* **Exercise data**:
====
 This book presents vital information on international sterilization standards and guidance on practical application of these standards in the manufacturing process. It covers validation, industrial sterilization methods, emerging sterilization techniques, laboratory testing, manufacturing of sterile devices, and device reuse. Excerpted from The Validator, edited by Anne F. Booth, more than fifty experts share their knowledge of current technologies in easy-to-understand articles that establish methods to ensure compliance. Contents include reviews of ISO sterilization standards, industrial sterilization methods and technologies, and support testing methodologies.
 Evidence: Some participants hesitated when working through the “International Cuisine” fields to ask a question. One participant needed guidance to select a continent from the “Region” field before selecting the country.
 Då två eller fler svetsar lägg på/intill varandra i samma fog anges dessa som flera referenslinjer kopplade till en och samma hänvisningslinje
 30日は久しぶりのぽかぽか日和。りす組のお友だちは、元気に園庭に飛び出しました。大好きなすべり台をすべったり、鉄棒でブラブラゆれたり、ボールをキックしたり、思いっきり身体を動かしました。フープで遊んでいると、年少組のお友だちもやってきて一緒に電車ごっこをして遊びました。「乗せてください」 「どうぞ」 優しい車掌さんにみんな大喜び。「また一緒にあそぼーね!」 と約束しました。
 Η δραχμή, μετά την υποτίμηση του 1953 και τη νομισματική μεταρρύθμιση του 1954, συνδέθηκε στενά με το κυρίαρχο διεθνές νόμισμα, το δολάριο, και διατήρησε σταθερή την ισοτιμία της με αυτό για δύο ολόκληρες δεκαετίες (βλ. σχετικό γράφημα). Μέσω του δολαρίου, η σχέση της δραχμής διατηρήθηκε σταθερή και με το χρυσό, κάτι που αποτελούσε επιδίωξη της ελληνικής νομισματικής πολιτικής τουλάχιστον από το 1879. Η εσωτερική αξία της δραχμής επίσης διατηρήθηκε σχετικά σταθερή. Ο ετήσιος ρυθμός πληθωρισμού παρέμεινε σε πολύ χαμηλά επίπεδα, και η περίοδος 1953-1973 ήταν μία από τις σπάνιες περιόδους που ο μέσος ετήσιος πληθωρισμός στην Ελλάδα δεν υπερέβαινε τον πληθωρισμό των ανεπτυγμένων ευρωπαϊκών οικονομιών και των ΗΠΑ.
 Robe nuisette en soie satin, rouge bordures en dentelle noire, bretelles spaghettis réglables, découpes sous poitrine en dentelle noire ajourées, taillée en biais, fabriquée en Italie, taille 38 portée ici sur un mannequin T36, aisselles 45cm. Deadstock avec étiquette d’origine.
====
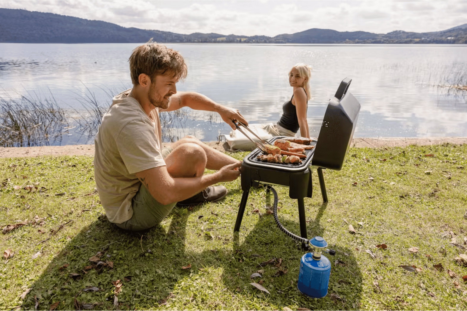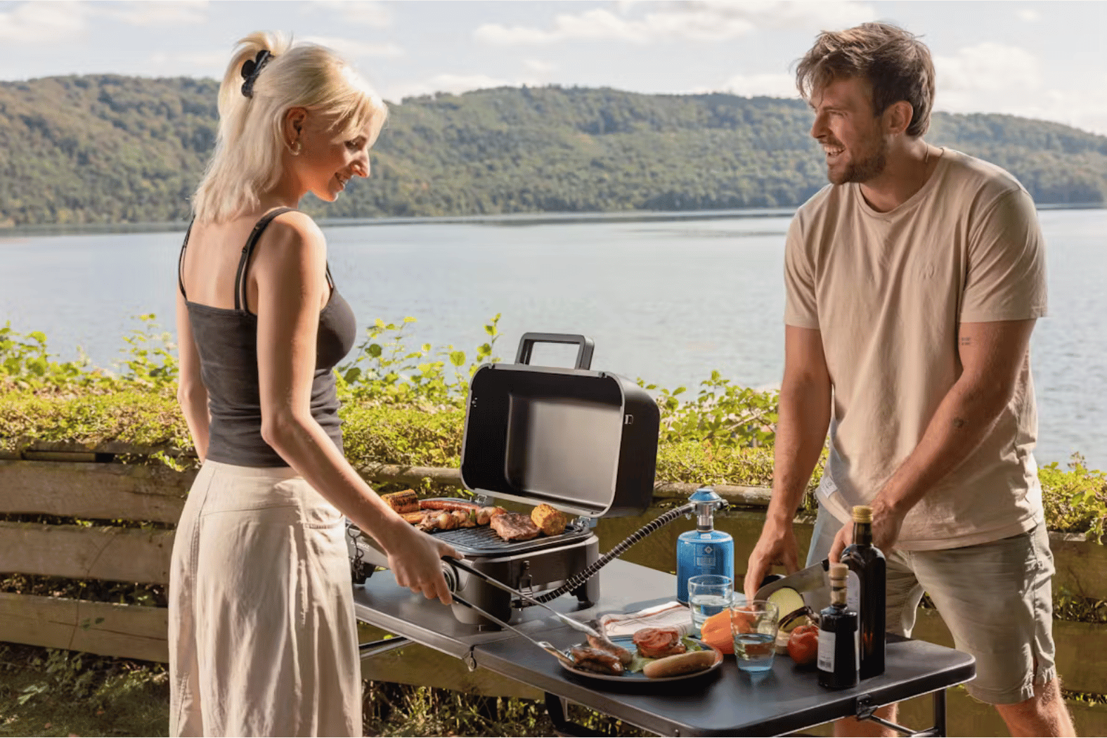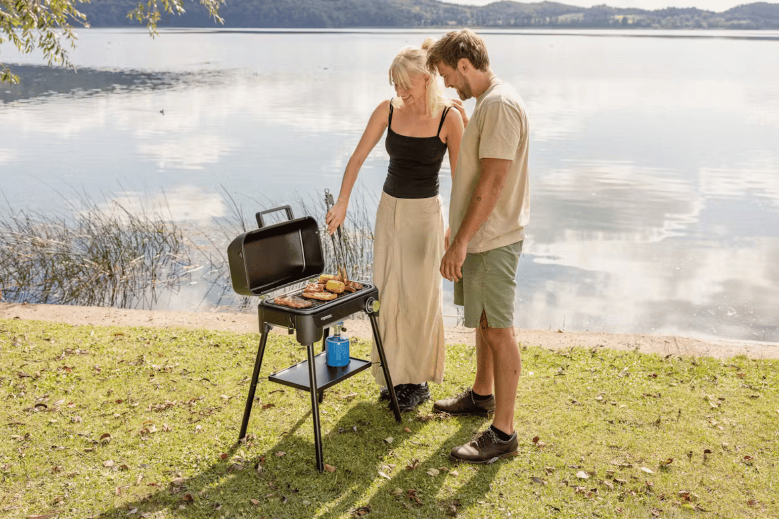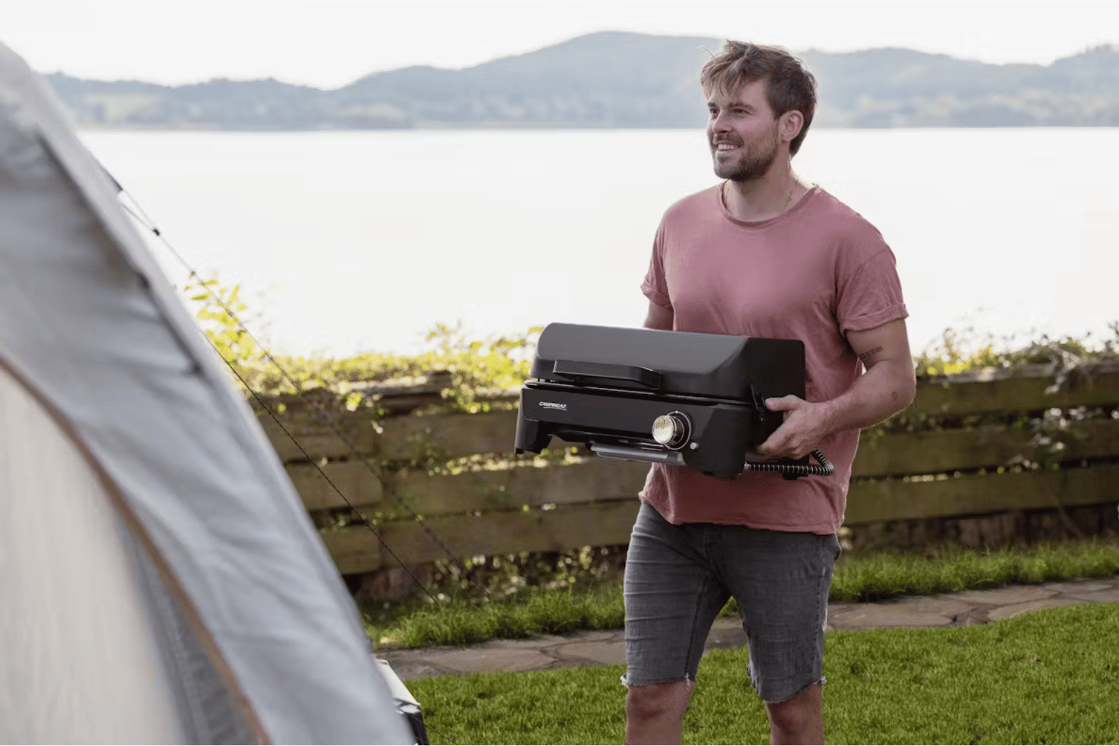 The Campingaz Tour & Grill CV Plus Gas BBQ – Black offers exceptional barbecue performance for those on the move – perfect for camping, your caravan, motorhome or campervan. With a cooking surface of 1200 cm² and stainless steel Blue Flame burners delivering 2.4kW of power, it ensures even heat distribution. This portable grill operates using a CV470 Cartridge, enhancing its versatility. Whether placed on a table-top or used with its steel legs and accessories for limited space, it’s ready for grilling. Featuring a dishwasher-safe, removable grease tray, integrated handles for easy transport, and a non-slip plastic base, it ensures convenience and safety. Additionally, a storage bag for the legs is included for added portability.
====
* **What is being asked**:
Write down exactly the span of lines above from the one containing "This book presents" to the one containing "Η δραχμή, μετά", both ends included.

* **Result**:
 This book presents vital information on international sterilization standards and guidance on practical application of these standards in the manufacturing process. It covers validation, industrial sterilization methods, emerging sterilization techniques, laboratory testing, manufacturing of sterile devices, and device reuse. Excerpted from The Validator, edited by Anne F. Booth, more than fifty experts share their knowledge of current technologies in easy-to-understand articles that establish methods to ensure compliance. Contents include reviews of ISO sterilization standards, industrial sterilization methods and technologies, and support testing methodologies.
 Evidence: Some participants hesitated when working through the “International Cuisine” fields to ask a question. One participant needed guidance to select a continent from the “Region” field before selecting the country.
 Då två eller fler svetsar lägg på/intill varandra i samma fog anges dessa som flera referenslinjer kopplade till en och samma hänvisningslinje
 30日は久しぶりのぽかぽか日和。りす組のお友だちは、元気に園庭に飛び出しました。大好きなすべり台をすべったり、鉄棒でブラブラゆれたり、ボールをキックしたり、思いっきり身体を動かしました。フープで遊んでいると、年少組のお友だちもやってきて一緒に電車ごっこをして遊びました。「乗せてください」 「どうぞ」 優しい車掌さんにみんな大喜び。「また一緒にあそぼーね!」 と約束しました。
 Η δραχμή, μετά την υποτίμηση του 1953 και τη νομισματική μεταρρύθμιση του 1954, συνδέθηκε στενά με το κυρίαρχο διεθνές νόμισμα, το δολάριο, και διατήρησε σταθερή την ισοτιμία της με αυτό για δύο ολόκληρες δεκαετίες (βλ. σχετικό γράφημα). Μέσω του δολαρίου, η σχέση της δραχμής διατηρήθηκε σταθερή και με το χρυσό, κάτι που αποτελούσε επιδίωξη της ελληνικής νομισματικής πολιτικής τουλάχιστον από το 1879. Η εσωτερική αξία της δραχμής επίσης διατηρήθηκε σχετικά σταθερή. Ο ετήσιος ρυθμός πληθωρισμού παρέμεινε σε πολύ χαμηλά επίπεδα, και η περίοδος 1953-1973 ήταν μία από τις σπάνιες περιόδους που ο μέσος ετήσιος πληθωρισμός στην Ελλάδα δεν υπερέβαινε τον πληθωρισμό των ανεπτυγμένων ευρωπαϊκών οικονομιών και των ΗΠΑ.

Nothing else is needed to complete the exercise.